Photo by B. A. Nilsson |
It’s not so rural here as to be without supermarkets and big-box stores, which perch about twenty minutes away in the struggling city of Amsterdam. But the supermarkets here (as have yours, I’m sure) are now limiting their hours and the hardware giants are limiting the number of customers allowed within, asking their overflow customers to wait in a well-spaced line, said spacing demarcated by PVC pipe sculptures reminiscent of a Christo installation.
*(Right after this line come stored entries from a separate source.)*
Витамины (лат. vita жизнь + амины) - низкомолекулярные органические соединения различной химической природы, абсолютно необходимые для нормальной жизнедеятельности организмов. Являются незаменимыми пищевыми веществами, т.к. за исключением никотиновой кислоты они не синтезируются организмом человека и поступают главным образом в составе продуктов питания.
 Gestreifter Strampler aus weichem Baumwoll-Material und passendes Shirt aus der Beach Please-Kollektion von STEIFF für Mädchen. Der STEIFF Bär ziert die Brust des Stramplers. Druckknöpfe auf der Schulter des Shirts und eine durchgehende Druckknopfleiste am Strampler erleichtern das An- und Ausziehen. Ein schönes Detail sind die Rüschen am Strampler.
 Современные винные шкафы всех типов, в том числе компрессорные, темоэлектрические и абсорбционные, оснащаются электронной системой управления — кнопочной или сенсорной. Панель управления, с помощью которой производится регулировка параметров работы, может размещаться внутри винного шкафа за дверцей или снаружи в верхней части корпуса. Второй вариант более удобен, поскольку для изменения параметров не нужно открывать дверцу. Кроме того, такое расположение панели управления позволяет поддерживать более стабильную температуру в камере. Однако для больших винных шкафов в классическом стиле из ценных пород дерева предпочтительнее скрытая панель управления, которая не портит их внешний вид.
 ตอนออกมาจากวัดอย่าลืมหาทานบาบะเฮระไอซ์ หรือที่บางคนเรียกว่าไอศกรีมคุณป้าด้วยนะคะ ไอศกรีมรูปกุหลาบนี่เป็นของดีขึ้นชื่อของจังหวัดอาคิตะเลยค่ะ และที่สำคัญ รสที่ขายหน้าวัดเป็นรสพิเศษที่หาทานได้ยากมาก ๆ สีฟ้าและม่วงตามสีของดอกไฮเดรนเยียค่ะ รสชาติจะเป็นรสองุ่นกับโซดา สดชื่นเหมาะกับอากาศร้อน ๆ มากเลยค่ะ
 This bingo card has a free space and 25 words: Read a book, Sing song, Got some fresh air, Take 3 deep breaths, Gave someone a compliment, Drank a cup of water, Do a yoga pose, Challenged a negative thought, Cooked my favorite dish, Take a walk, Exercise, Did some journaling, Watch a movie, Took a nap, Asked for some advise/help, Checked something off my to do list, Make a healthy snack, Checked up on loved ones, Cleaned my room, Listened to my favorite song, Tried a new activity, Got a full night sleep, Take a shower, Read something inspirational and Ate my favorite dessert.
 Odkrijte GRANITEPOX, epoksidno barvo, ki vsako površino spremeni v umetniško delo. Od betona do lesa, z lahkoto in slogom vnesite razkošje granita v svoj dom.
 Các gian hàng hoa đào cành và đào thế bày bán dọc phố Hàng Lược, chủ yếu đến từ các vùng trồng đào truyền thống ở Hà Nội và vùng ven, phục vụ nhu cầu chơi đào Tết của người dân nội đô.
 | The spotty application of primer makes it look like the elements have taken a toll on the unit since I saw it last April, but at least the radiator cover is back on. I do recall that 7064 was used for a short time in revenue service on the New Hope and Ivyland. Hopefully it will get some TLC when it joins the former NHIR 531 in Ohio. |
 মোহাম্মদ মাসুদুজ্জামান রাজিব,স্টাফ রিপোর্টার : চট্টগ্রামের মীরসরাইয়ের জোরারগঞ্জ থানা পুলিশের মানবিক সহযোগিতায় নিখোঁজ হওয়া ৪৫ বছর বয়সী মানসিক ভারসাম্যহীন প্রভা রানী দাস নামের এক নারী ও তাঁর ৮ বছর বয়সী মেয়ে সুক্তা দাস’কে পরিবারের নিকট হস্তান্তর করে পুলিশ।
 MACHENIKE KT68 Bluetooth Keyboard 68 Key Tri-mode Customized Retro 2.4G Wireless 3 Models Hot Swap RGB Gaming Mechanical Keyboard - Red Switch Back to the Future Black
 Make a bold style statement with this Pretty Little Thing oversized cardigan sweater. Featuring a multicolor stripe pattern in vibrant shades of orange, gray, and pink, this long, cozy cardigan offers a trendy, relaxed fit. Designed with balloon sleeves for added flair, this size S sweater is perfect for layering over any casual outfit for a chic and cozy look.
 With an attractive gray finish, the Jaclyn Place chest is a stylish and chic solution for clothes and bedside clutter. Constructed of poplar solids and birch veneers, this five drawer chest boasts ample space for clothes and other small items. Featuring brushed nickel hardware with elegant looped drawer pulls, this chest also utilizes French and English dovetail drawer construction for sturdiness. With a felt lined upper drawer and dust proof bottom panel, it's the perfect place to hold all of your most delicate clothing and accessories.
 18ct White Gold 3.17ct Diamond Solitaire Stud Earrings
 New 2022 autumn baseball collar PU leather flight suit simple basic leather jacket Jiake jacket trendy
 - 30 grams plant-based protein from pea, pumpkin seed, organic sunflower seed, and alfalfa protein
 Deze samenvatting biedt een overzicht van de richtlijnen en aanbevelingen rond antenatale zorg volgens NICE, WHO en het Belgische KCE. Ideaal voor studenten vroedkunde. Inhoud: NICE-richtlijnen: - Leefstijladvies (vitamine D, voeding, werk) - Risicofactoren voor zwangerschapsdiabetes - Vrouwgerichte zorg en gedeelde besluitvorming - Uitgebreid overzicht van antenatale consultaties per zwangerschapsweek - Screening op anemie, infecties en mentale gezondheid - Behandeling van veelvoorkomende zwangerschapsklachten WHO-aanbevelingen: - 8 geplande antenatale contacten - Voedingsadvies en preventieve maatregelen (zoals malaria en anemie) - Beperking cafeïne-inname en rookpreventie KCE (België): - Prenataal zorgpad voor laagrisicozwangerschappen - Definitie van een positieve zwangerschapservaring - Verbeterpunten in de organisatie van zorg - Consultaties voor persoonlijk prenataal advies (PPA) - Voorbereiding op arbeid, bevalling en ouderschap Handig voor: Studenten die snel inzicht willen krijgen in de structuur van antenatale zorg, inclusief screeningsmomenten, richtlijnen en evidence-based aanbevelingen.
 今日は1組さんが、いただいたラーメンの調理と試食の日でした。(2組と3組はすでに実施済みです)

Yet with the official start of spring have come actual hints of the season itself. The grimy, granular snow, which never reached an oppressive accumulation, is being washed away despite a few weak attempts at revival. Birdsong has increased. And the driveway that leads to our fields shows the surest sign: it has turned into a rutted mudhole.
What’s different is the start-of-spring scheduling. This is a time when it’s easy to get rid of outdoor debris, before the burdock and nettles obscure the view – indeed, it’s a time to try to get rid of burdock and nettles, neither of which I cook with, both of which inflict their seeds and/or pain when I’m among them. Usually my project-driven brain has me psychologically tied to my desk chair as I scramble to finish some cerebral project. Now I have so few of those facing me that it’s a joy to ramble in the chilly outdoors.
So our little paradise remains inviting – a paradise found, I suppose, as those sardined into cities have to grapple more directly with what’s around them. I have long regretted that I bypassed the chance to advance my career, such as it was, as a resident of Manhattan (or, more likely, an adjacent borough), but I’ve already been aging out of that desire as my stumblebum career continues to resist sprouting the wings I’d dreamed would soar me into fortune.
I’m pretty fortunate where I am. Fate? Some manner of divine plan? Not at all. Sheer dumb luck. I’ll take it.